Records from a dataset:
· · · · · · ·
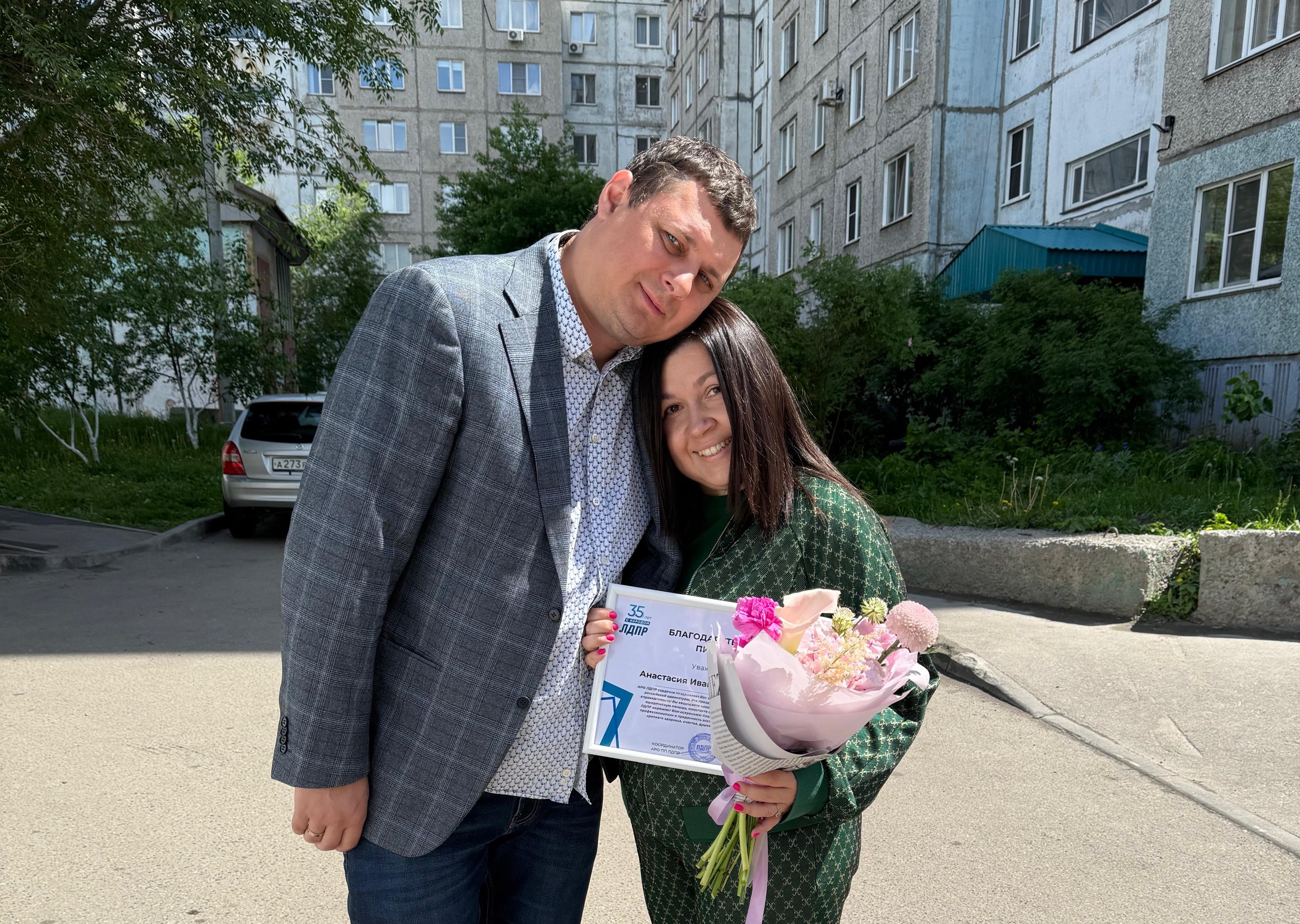 От имени партии координатор Алтайского реготделения ЛДПР Сергей Булаев вручил благодарственное письмо вице-президенту Адвокатской палаты Алтайского края Анастасии Ивановны Харламовой
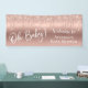 Ein elegantes und glamouröses Begrüßungsbanner für Ihre Babydusche mit Rose-Gold-Imitat-Glitzer, der von oben tropft und "Oh Baby!" in einem stylischen weißen Skript vor einem goldenen Hintergrund der Rose. Man kann leicht den Namen der Mutter, die man sein soll, personalisieren.
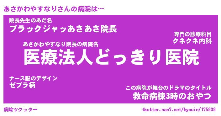 | 肩書あだ名 | 『あさかわやすなり御曹司』 |
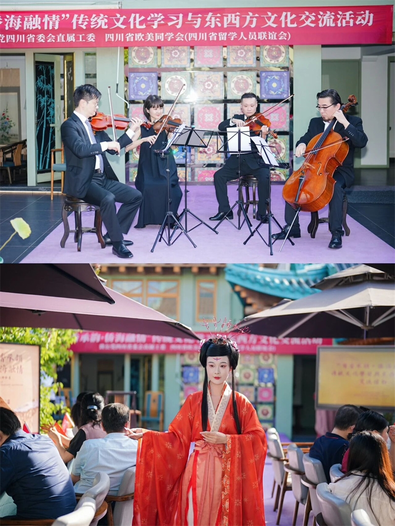 在文化展演环节,四川省欧美同学会文体旅专委会会员表演了弦乐四重奏《花好月圆》,致公党省直工委六总支党员李俊文朗诵《百年初心携手同行》、致公党省直工委四总支党员朗诵《致敬百年奋斗有我》。在东西方文化交流分享环节,多位代表结合自身海外经历与工作实践,分享了跨文化碰撞与融合的见解,现场气氛热烈、灵感迸发。最后,全体与会人员齐声合唱《我和我的祖国》,用深情歌声表达对祖国华诞的诚挚祝福。
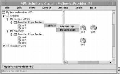 You can sort the display of Regions and Provider Edge Router. To do so, select either the Regions or Provider Edge Routers folder, then right-click. The Sort menu appears (see Figure 2-61).
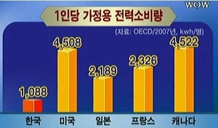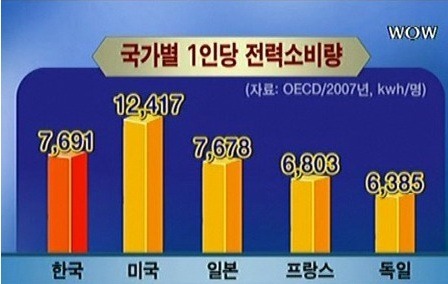 1인당 전기 소비량이 선진국에 비해 많다는 것이죠.
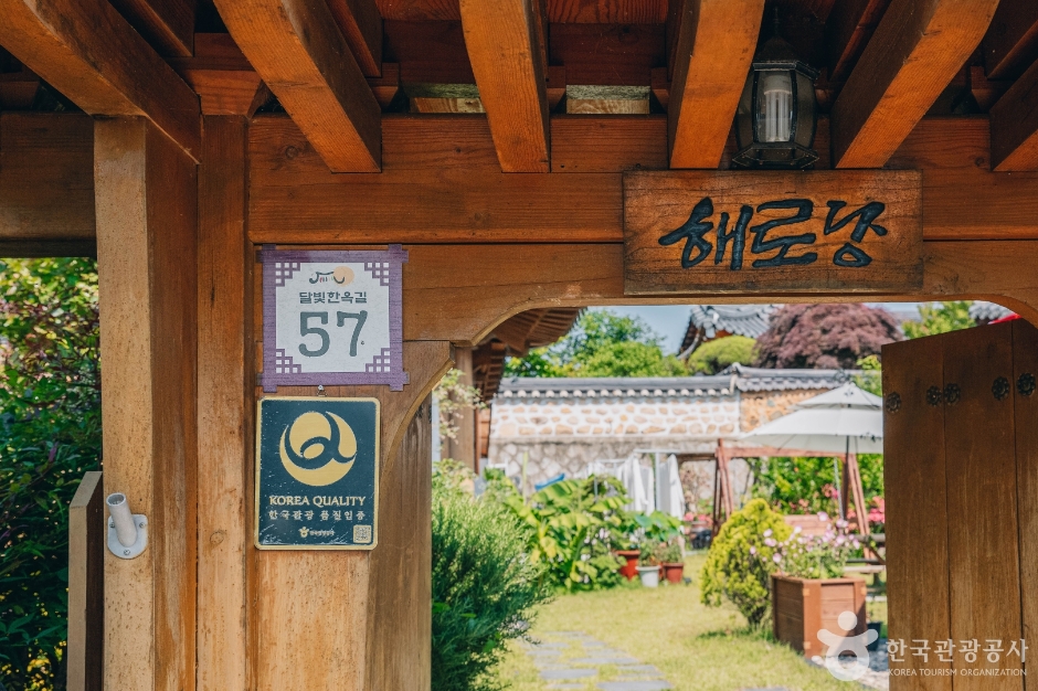 해로당은 전남 보성 강진 달빛한옥마을에 자리한 한옥 숙소로, 장엄한 월출산과 근처 다원의 녹차 향이 가득 담긴 공간이다. 객실은 편백나무 향이 어우러진 황토방 3개로, 가장 넓은 방인 노을방은 방과 툇마루가 연결되어 있어 툇마루에서 월출산 능선을 한눈에 담을 수 있다. 산들정은 여름에는 가장 시원하지만 겨울에는 쌀쌀해 동절기에는 운영하지 않는다. 마당에는 야외 테이블과 흔들 그네, 자태가 고운 정자가 있다. 조식이 무료로 제공된다.
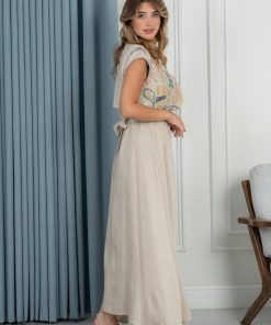 دار الجلابية – عباية كتان بجيبين و تطريز ايتامين سيناوي
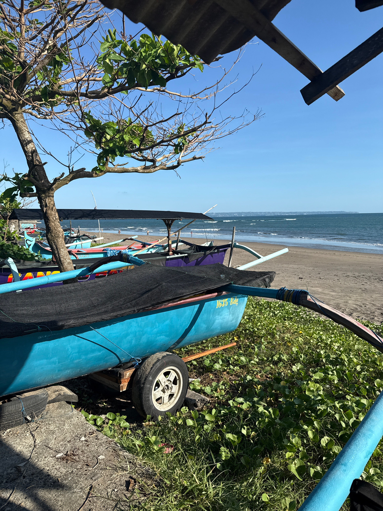 The image captures a blue outrigger boat, possibly a Jukung, resting on a trailer with a wheel near the coast in North Kuta, Indonesia. The beach, a dark sandy stretch meeting the ocean, is visible in…read more
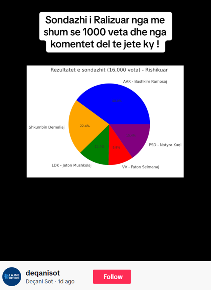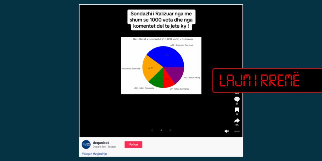 Sondazhi për mbështetjen e kandidatëve për kryetar komune në Deçani, i paraqitur përmes një fotografie nuk është i kredibil.
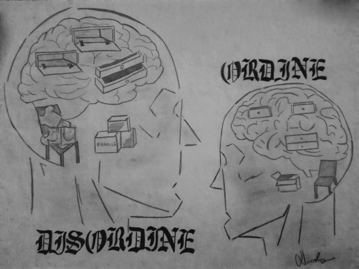 “Nella rappresentazione a destra i cassetti delle emozioni sono aperti e disordinati, la sedia rappresenta tutte le bugie e i problemi che cerchiamo di nascondere a noi stessi, mentre gli scatoloni chiusi rappresentano i traumi che cerchiamo di “allontanare”. L’immagine a destra ritrae le stesse cose dopo un percorso psicologico: le emozioni sono state gestite e rimesse in ordine, i problemi portati alla luce e affrontati e i traumi accettati, infatti gli scatoloni sono aperti e non fanno più paura”
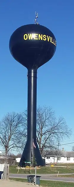 Owensville's uniquely black coated water tower in 2015. Recently been painted gold with the town's Kickapoo logo.
· · · · · · ·
TASK OBJECTIVE
In the records above, find the line with "Ein elegantes und" and the line with "rappresentazione a destra"; please transcribe exactly those two lines and all lines between them, omitting any picture.

RESPONSE TO THE EXERCISE
 Ein elegantes und glamouröses Begrüßungsbanner für Ihre Babydusche mit Rose-Gold-Imitat-Glitzer, der von oben tropft und "Oh Baby!" in einem stylischen weißen Skript vor einem goldenen Hintergrund der Rose. Man kann leicht den Namen der Mutter, die man sein soll, personalisieren.
 | 肩書あだ名 | 『あさかわやすなり御曹司』 |
 在文化展演环节,四川省欧美同学会文体旅专委会会员表演了弦乐四重奏《花好月圆》,致公党省直工委六总支党员李俊文朗诵《百年初心携手同行》、致公党省直工委四总支党员朗诵《致敬百年奋斗有我》。在东西方文化交流分享环节,多位代表结合自身海外经历与工作实践,分享了跨文化碰撞与融合的见解,现场气氛热烈、灵感迸发。最后,全体与会人员齐声合唱《我和我的祖国》,用深情歌声表达对祖国华诞的诚挚祝福。
 You can sort the display of Regions and Provider Edge Router. To do so, select either the Regions or Provider Edge Routers folder, then right-click. The Sort menu appears (see Figure 2-61).
 1인당 전기 소비량이 선진국에 비해 많다는 것이죠.
 해로당은 전남 보성 강진 달빛한옥마을에 자리한 한옥 숙소로, 장엄한 월출산과 근처 다원의 녹차 향이 가득 담긴 공간이다. 객실은 편백나무 향이 어우러진 황토방 3개로, 가장 넓은 방인 노을방은 방과 툇마루가 연결되어 있어 툇마루에서 월출산 능선을 한눈에 담을 수 있다. 산들정은 여름에는 가장 시원하지만 겨울에는 쌀쌀해 동절기에는 운영하지 않는다. 마당에는 야외 테이블과 흔들 그네, 자태가 고운 정자가 있다. 조식이 무료로 제공된다.
 دار الجلابية – عباية كتان بجيبين و تطريز ايتامين سيناوي
 The image captures a blue outrigger boat, possibly a Jukung, resting on a trailer with a wheel near the coast in North Kuta, Indonesia. The beach, a dark sandy stretch meeting the ocean, is visible in…read more
 Sondazhi për mbështetjen e kandidatëve për kryetar komune në Deçani, i paraqitur përmes një fotografie nuk është i kredibil.
 “Nella rappresentazione a destra i cassetti delle emozioni sono aperti e disordinati, la sedia rappresenta tutte le bugie e i problemi che cerchiamo di nascondere a noi stessi, mentre gli scatoloni chiusi rappresentano i traumi che cerchiamo di “allontanare”. L’immagine a destra ritrae le stesse cose dopo un percorso psicologico: le emozioni sono state gestite e rimesse in ordine, i problemi portati alla luce e affrontati e i traumi accettati, infatti gli scatoloni sono aperti e non fanno più paura”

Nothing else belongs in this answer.